• _Activity_: Each line below from the line with "Penandatanganan yang berlangsung, Senin" to the line with "Kết quả từ soi" must be copied exactly, including those two, and no picture may appear in the copy.

• _Material for this exercise_:
== Segment start ==
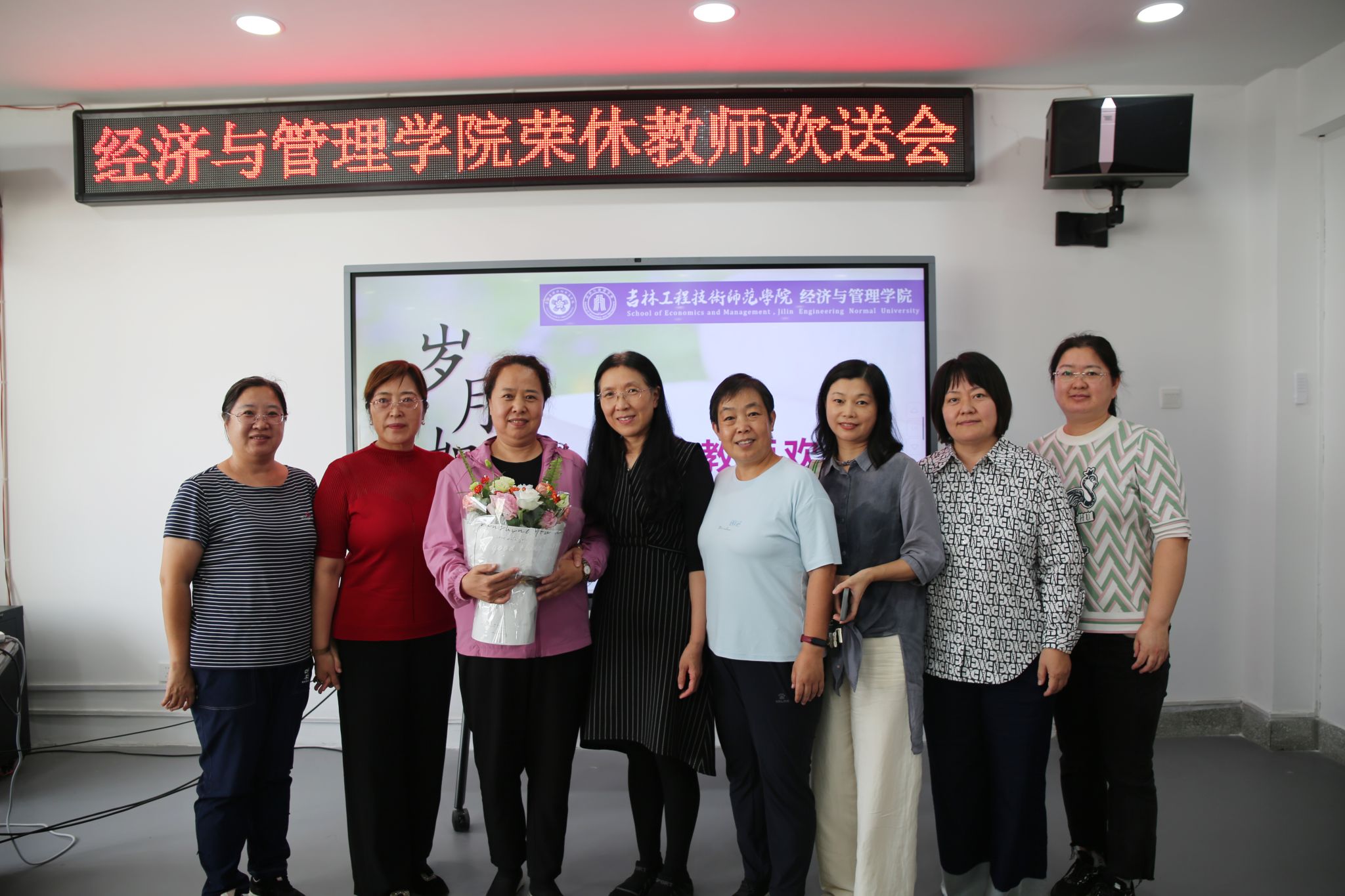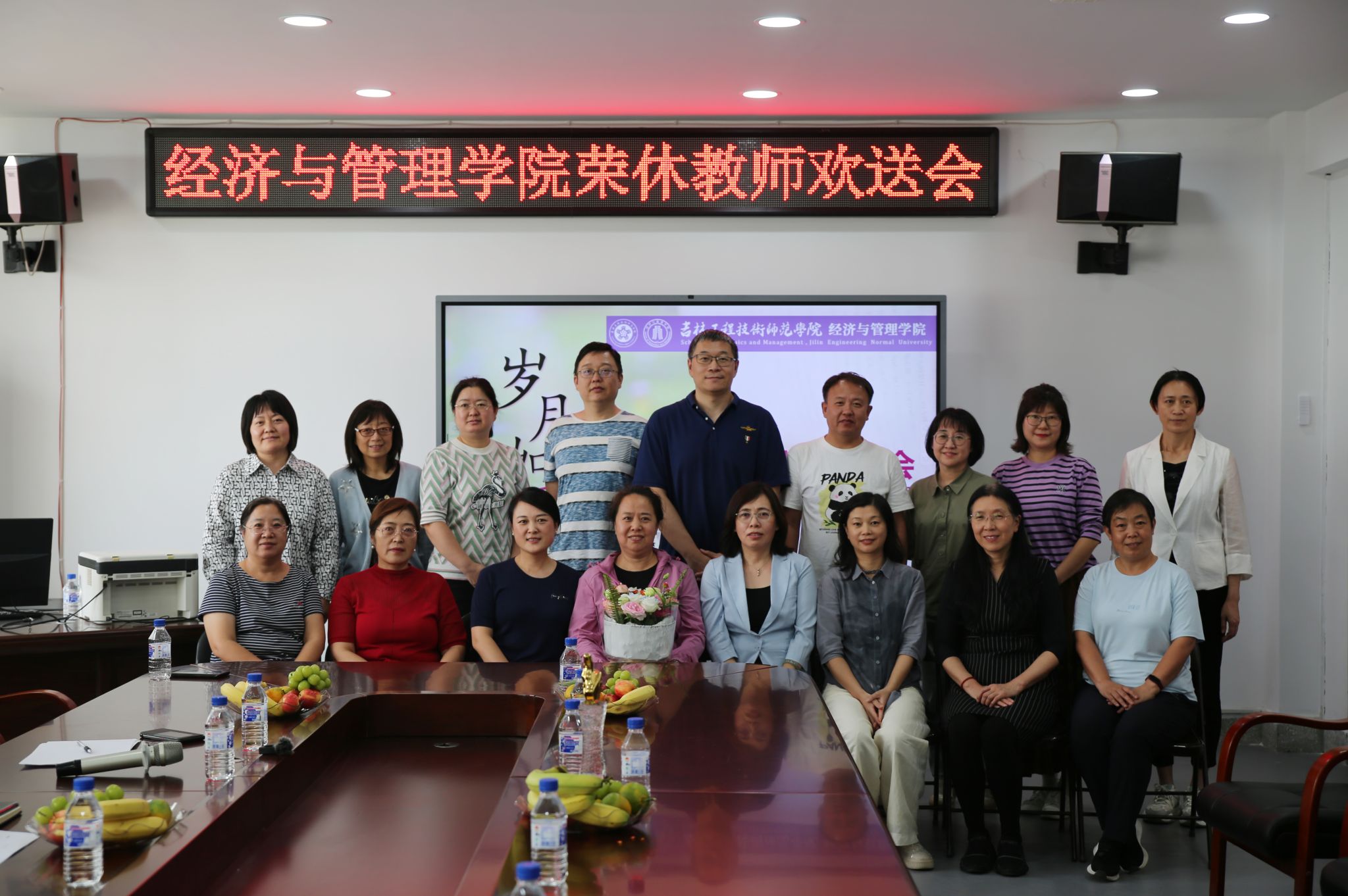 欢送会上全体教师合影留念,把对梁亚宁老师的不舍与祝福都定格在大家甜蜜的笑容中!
== Segment end ==
== Segment start ==
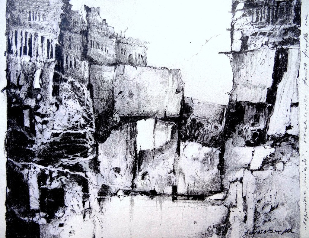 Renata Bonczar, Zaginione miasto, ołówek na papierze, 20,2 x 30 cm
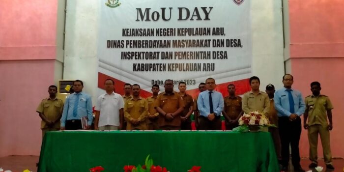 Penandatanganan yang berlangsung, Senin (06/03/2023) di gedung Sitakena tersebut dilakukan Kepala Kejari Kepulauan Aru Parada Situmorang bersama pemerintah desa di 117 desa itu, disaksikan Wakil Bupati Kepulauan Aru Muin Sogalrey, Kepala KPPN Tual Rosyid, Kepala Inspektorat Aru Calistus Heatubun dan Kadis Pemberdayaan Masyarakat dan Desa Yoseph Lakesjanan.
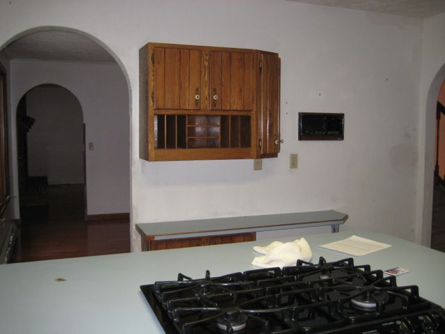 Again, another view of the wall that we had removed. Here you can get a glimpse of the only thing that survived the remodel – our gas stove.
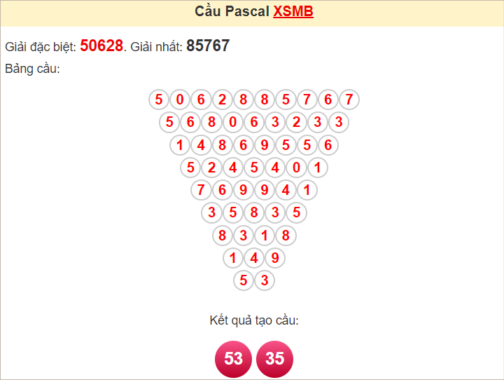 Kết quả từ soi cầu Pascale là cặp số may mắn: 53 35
== Segment end ==
• _Your solution_:
 Penandatanganan yang berlangsung, Senin (06/03/2023) di gedung Sitakena tersebut dilakukan Kepala Kejari Kepulauan Aru Parada Situmorang bersama pemerintah desa di 117 desa itu, disaksikan Wakil Bupati Kepulauan Aru Muin Sogalrey, Kepala KPPN Tual Rosyid, Kepala Inspektorat Aru Calistus Heatubun dan Kadis Pemberdayaan Masyarakat dan Desa Yoseph Lakesjanan.
 Again, another view of the wall that we had removed. Here you can get a glimpse of the only thing that survived the remodel – our gas stove.
 Kết quả từ soi cầu Pascale là cặp số may mắn: 53 35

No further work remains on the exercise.